*Brief*
Repeat every record exactly, omitting the pictures.

(Records excerpted from a collection)

--

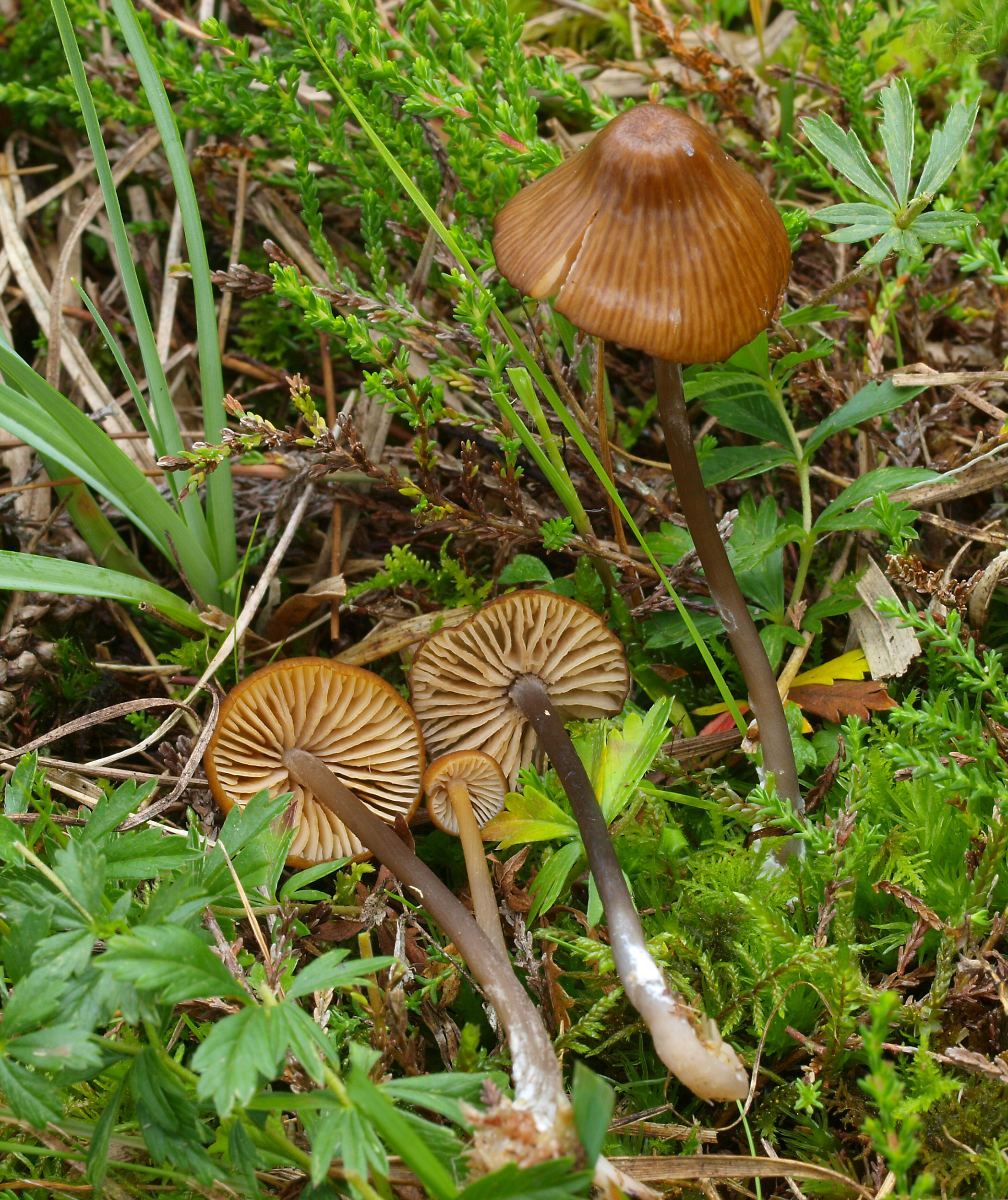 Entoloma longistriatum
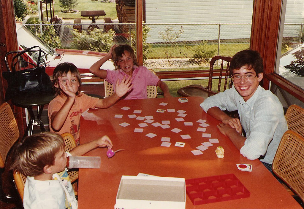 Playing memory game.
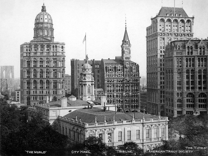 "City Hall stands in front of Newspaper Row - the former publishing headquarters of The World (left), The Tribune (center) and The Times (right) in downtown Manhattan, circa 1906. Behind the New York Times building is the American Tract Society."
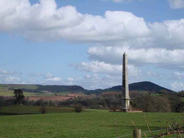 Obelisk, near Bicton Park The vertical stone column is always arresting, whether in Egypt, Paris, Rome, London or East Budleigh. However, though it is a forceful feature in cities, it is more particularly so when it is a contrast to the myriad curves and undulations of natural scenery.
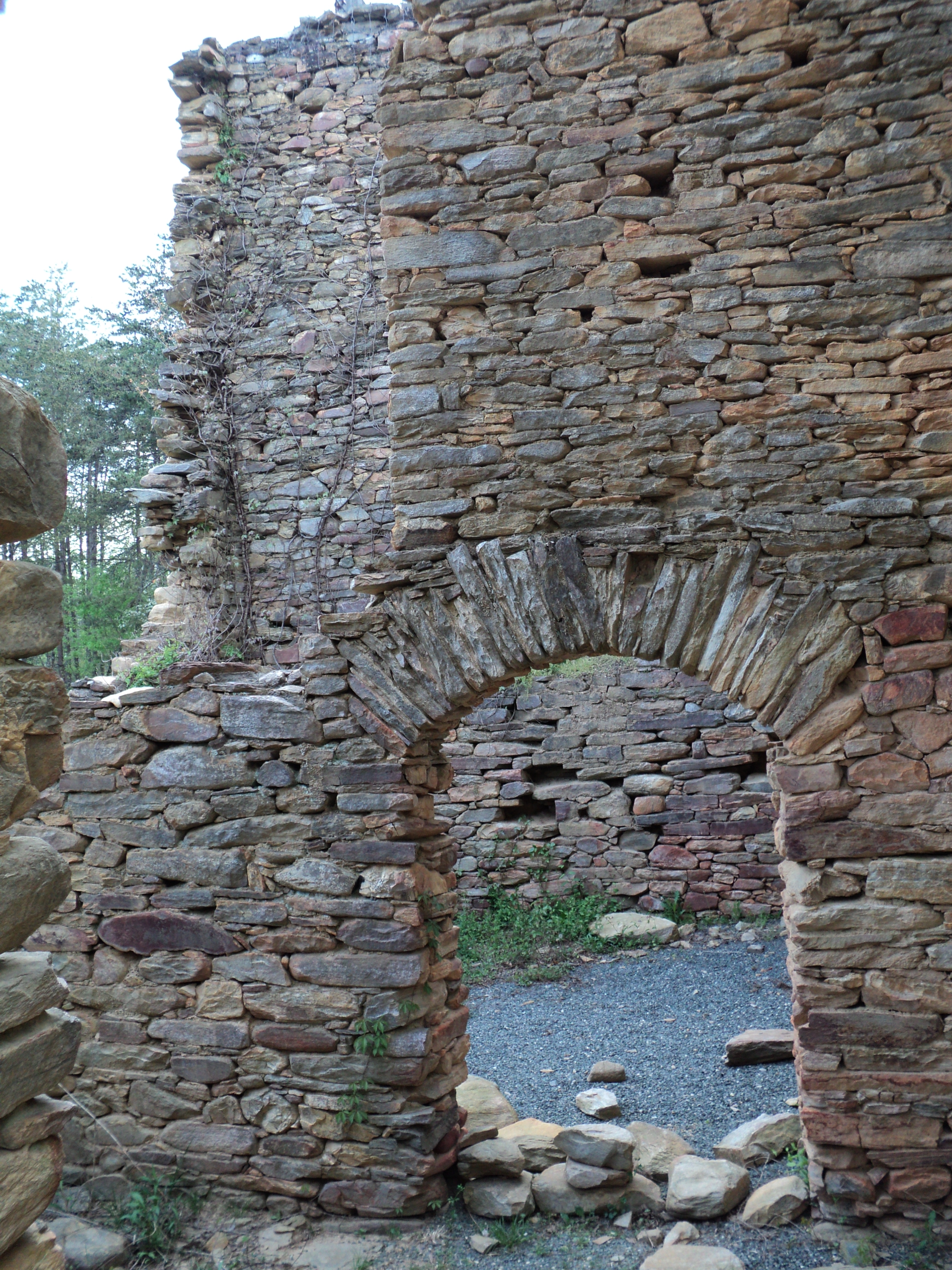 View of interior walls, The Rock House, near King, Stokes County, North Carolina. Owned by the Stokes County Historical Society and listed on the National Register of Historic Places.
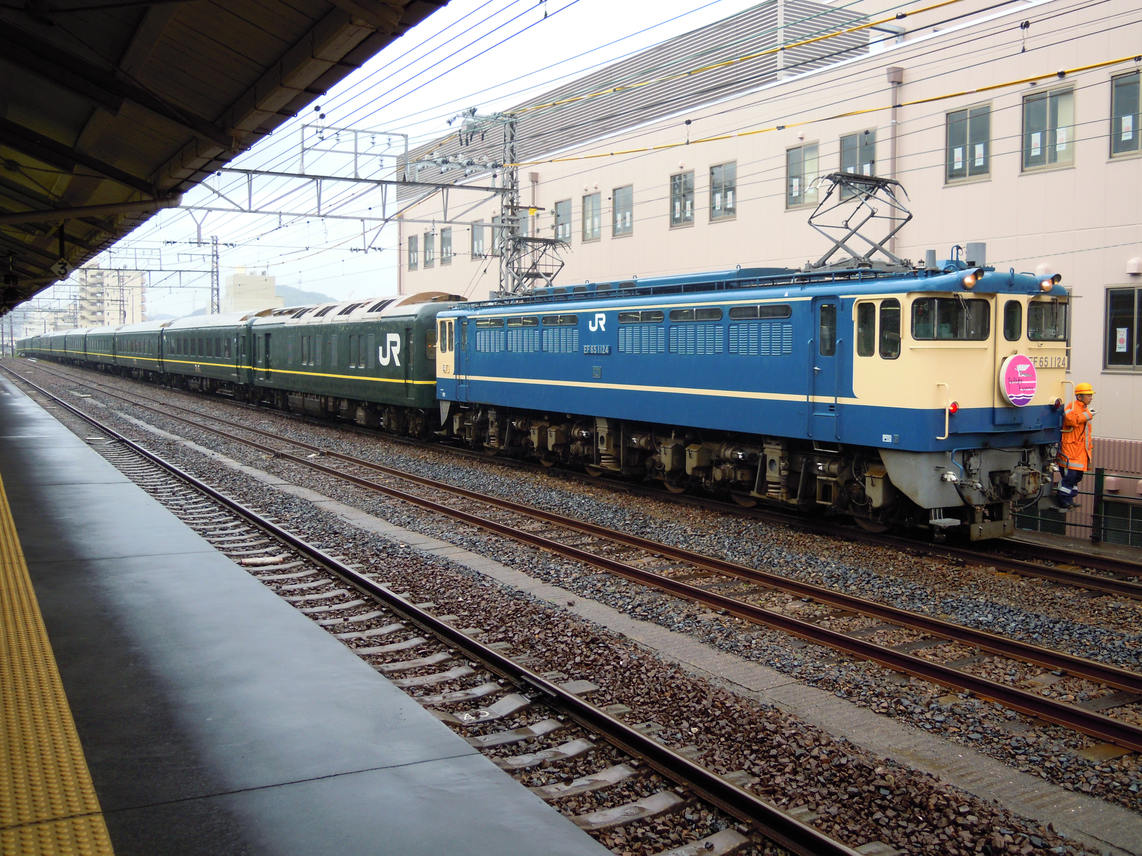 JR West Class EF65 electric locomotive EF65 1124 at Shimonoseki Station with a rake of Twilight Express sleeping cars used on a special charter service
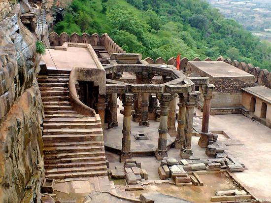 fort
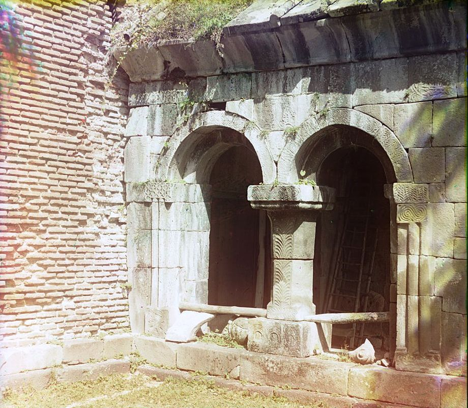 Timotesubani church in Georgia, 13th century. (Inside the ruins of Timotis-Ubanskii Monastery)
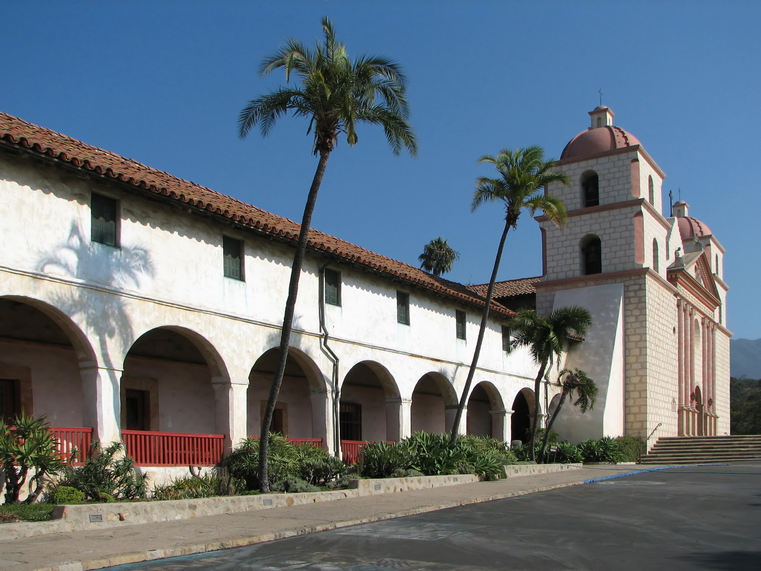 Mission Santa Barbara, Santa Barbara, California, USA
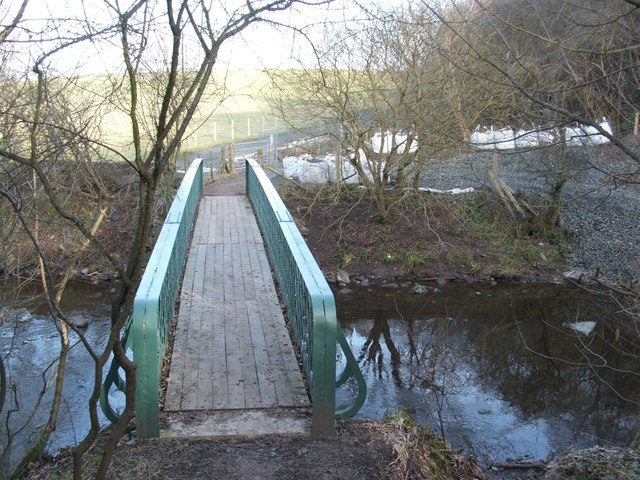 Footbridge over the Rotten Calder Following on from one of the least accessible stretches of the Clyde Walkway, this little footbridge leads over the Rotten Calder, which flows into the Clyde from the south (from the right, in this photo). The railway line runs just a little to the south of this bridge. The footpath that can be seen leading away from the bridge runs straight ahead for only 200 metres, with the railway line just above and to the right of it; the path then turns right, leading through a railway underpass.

--

*Exercise solution*
 Entoloma longistriatum
 Playing memory game.
 "City Hall stands in front of Newspaper Row - the former publishing headquarters of The World (left), The Tribune (center) and The Times (right) in downtown Manhattan, circa 1906. Behind the New York Times building is the American Tract Society."
 Obelisk, near Bicton Park The vertical stone column is always arresting, whether in Egypt, Paris, Rome, London or East Budleigh. However, though it is a forceful feature in cities, it is more particularly so when it is a contrast to the myriad curves and undulations of natural scenery.
 View of interior walls, The Rock House, near King, Stokes County, North Carolina. Owned by the Stokes County Historical Society and listed on the National Register of Historic Places.
 JR West Class EF65 electric locomotive EF65 1124 at Shimonoseki Station with a rake of Twilight Express sleeping cars used on a special charter service
 fort
 Timotesubani church in Georgia, 13th century. (Inside the ruins of Timotis-Ubanskii Monastery)
 Mission Santa Barbara, Santa Barbara, California, USA
 Footbridge over the Rotten Calder Following on from one of the least accessible stretches of the Clyde Walkway, this little footbridge leads over the Rotten Calder, which flows into the Clyde from the south (from the right, in this photo). The railway line runs just a little to the south of this bridge. The footpath that can be seen leading away from the bridge runs straight ahead for only 200 metres, with the railway line just above and to the right of it; the path then turns right, leading through a railway underpass.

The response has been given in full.